2. SIDBI set up the India Microfinance Equity Fund in 2011-12 with budgetary support of Rs 100 crore to provide equity and quasi-equity to Micro Finance Institutions. An amount of Rs 104 crore has already been committed to 37 MFIs. Keeping in view the unmet demand and need for improving capital base of the smaller & medium sized MFIs to enable them to raise additional funding, Hon’ble Finance Minister has provided an amount of Rs 100 crore in the Union Budget to the IME Fund. This is expected to expand reach of 60-70 additional MFIs, benefiting more than 12 lakh additional clients, mostly women.
3. Last year, Factoring Regulation Act was enacted to pave the way for orderly growth of factoring services in the country. However, the volumes and coverage of factoring are yet to witness any perceptible growth. In order to promote the tool of financing for the benefit of small suppliers, the Budget has proposed a corpus of Rs 500 crore to SIDBI to set up a Credit Guarantee Fund to extend guarantee cover for facilitating factoring transactions in respect of SMEs. The corpus shall help in leveraging the volume of factored debts at a much higher scale (up to Rs 10,000 crore pa).

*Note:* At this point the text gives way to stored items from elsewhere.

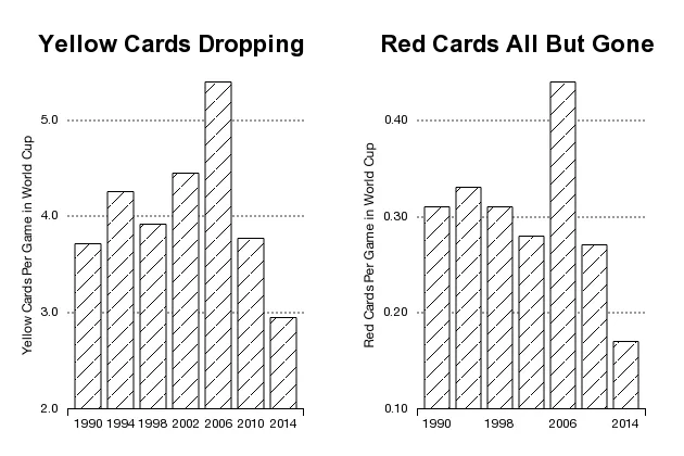• 球员在比赛中学会了更好地表现,导致牌照减少。 • 裁判通过警告、犯规和任意球更好地管理比赛,从而避免了需要出牌的更高程度的报复。 • 球员和裁判都知道国际足联希望比赛加快,这意味着粗暴的比赛会被更好地容忍。也许这就是高观众人数的公式:让球员们打得粗暴,不惩罚任何人,创造一个 如此快速的球 以至于打破了之前的得分记录。球员们可以在摄像机关闭后再处理他们的 脑震荡 。
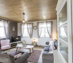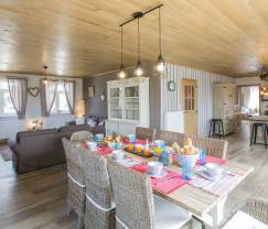 Der Wohnbereich mit Wohn- und Esszimmer punktet mit seiner gemütlichen und zugleich modernen Atmosphäre. Durch die großen Glastüren können Sie von hier aus auch die Kinder im Auge behalten, während diese sich im Garten vergnügen. Der Garten ist zudem rundum eingezäunt und bietet Ihnen freie Sicht auf die umliegende Landschaft und das Weideland der Hauseigentümer.
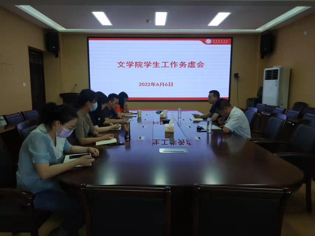 6月6日上午,无料AV 在人文楼3-7会议室召开2022年学生工作务虚会。党委书记王振海、副书记王家宏、专职辅导员参加会议。会议由王振海主持。
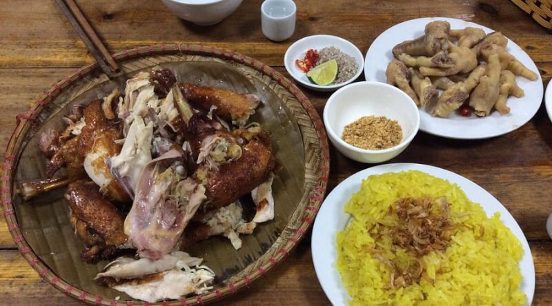 Ban Vat stream fish restaurant (Moc Chau Ward): Specializes in serving crispy fried stream fish and five-color sticky rice with native flavors right next to the foot of the waterfall.
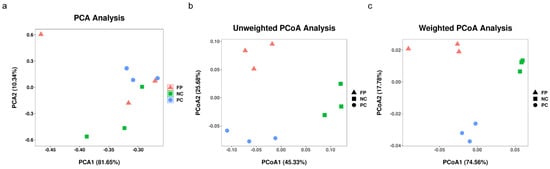 Advanced analysis of the bacterial communities of cecal digesta. (a) Principal component analysis of the cecal digesta of basal diet without treatment (NC), basal diet plus coccidial challenge (PC), and basal diet plus the coccidial challenge and 1 g/kg of B. licheniformis-fermented products (FP) (n = 3). Principal coordinate analysis of quantitative traits (unweighted UniFrac distances) (b) and qualitative traits (weighted UniFrac distances) (c) of the cecal bacterial communities from NC, PC, and BLFP (n = 3).
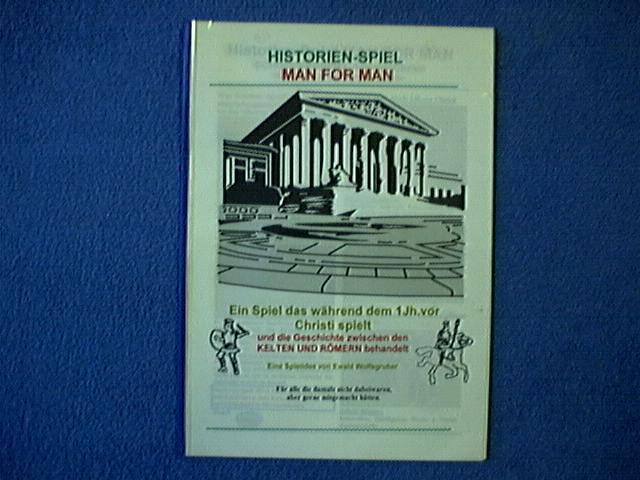 HISTORIEN-SPIEL MAN FOR MAN Römer & Kelten Autoren: Ewald Wolfsgruber Erscheinungsjahr 1997 Spieler 2 - 8 Spieler Alter 8 - 99 Jahren Dauer bis 60 Minuten Ansehen
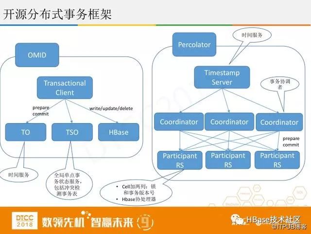 第三个是开源分布式事务框架。主要是两种OMID和Percolator,共同点是两阶段分布式。不同点是OMID有个全局事务,通过它来控制并发,控制哪个事务该回滚。Percolator主要是运用Hbase协处理器的技术,实践起来比较困难。
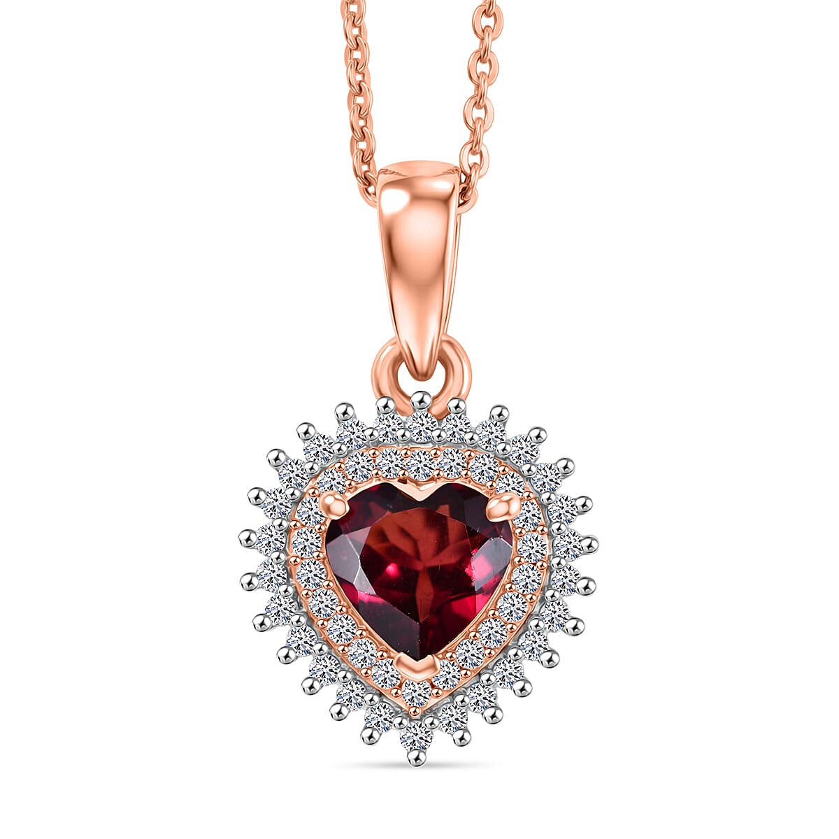 Premium Malawi Magenta Garnet, Luxuriant Lab Grown Diamond G-H SI 1.00 ctw Heart Pendant Necklace in 18K Vermeil Rose Gold Over Sterling Silver 20 Inches
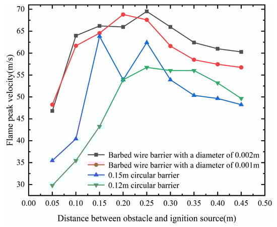 The peak flame velocity diagram under conditions of the barbed wire obstacle and the circular obstacle.
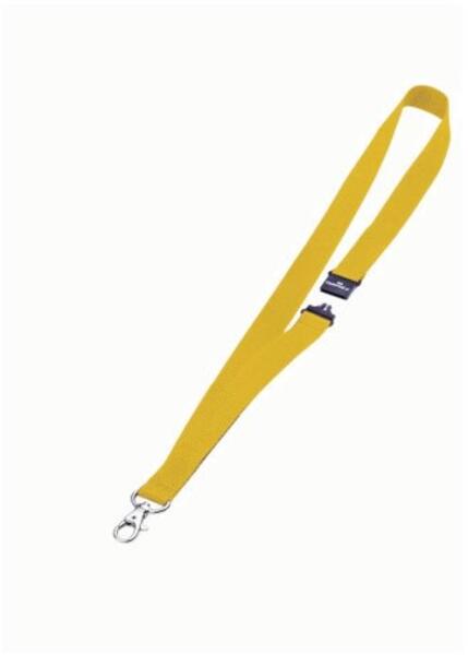 20 mm vastagságú textil szalag, melyet biztosnági zárral láttak el, ami kiold, ha a szalag beakad. Karabinerrel. Minden DURABLE névkitűzővel kombináható, amely kivágással rendelkezik. Hossz: 44 cm Katalóguskód: 24853
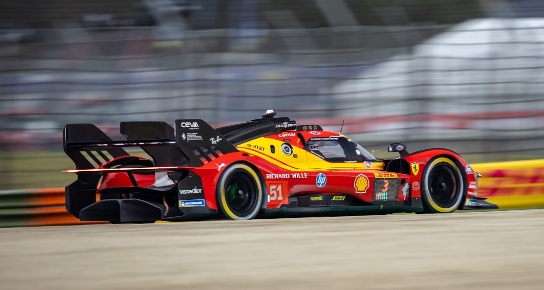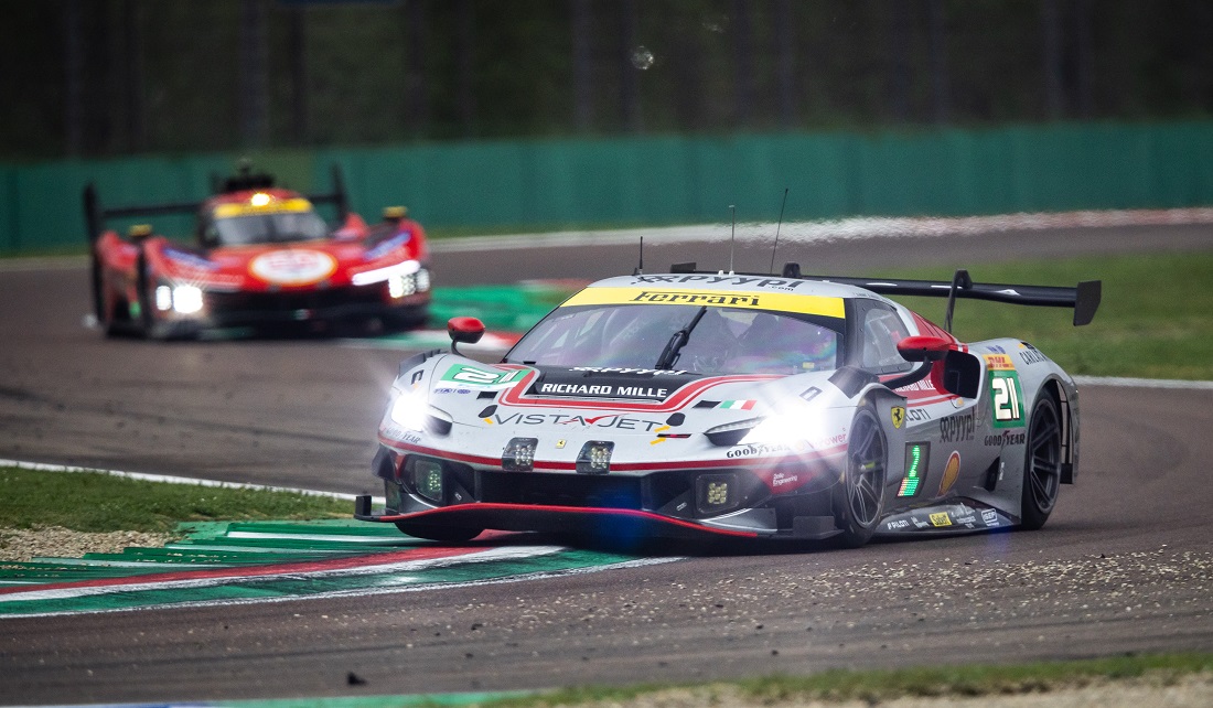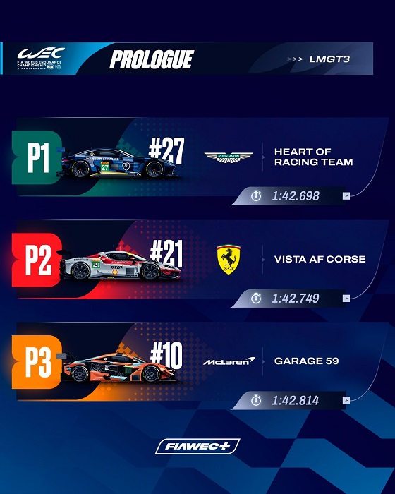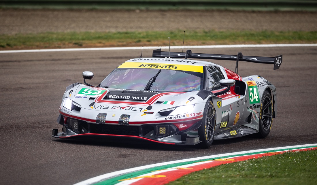 Por lo que respecta a la clase LMGT3, los dos Ferrari 296 GT3 Evo inscritos por Vista AF Corse, con las mismas tripulaciones que el año pasado, completaron la sesión de pruebas de ocho horas, familiarizándose con las cambiantes condiciones de la pista, que incluyeron el uso de neumáticos Good Year de lluvia. El coche #21 completó un total de 146 vueltas, mientras que el #54 completó 126.

4. Micro, small and medium enterprises have a large share of jobs, production and exports. Many of the SMEs do not graduate the higher category for the fear of losing the benefits associated with staying small/medium. To encourage them to grow, the Budget has proposed the continuum of benefits enjoyed by them for upto three years after they grow out of the category in they obtained the benefit. A beginning in this direction is proposed to be made by extending the non-tax benefits to the eligible units for three years after they graduate to a higher category.
Other measures announced in the budget for MSME sector include: assistance of Rs 2,200 crore during 12th Plan period for setting up 15 Tool Rooms and Technology Development Centres by the Ministry of Micro, Small and Medium Enterprises Rs 2400 crore under Technology Upgradation Fund Scheme for the textile sector, setting up of Apparel Parks under the Scheme for Integrated Textile Parks, implementation of a new scheme called the Integrated Processing Development Scheme with an outlay of Rs 500 crore to address the environmental concerns of the textile industry, and availability of working capital and term loans at a concessional interest to handloom weavers.
Re-introduction of GBI will not only boost the wind power market in India but will also encourage more investments from both domestic and foreign IPPs which will benefit the economy, says Kailash Tarachandani, CEO Kenersys India Pvt Ltd.
It’s a welcome note for the already ailing wind industry market and should attract more investments in the sector. We welcome the government initiatives in re launching GBI for wind energy projects. This will help the wind industry to regain its momentum.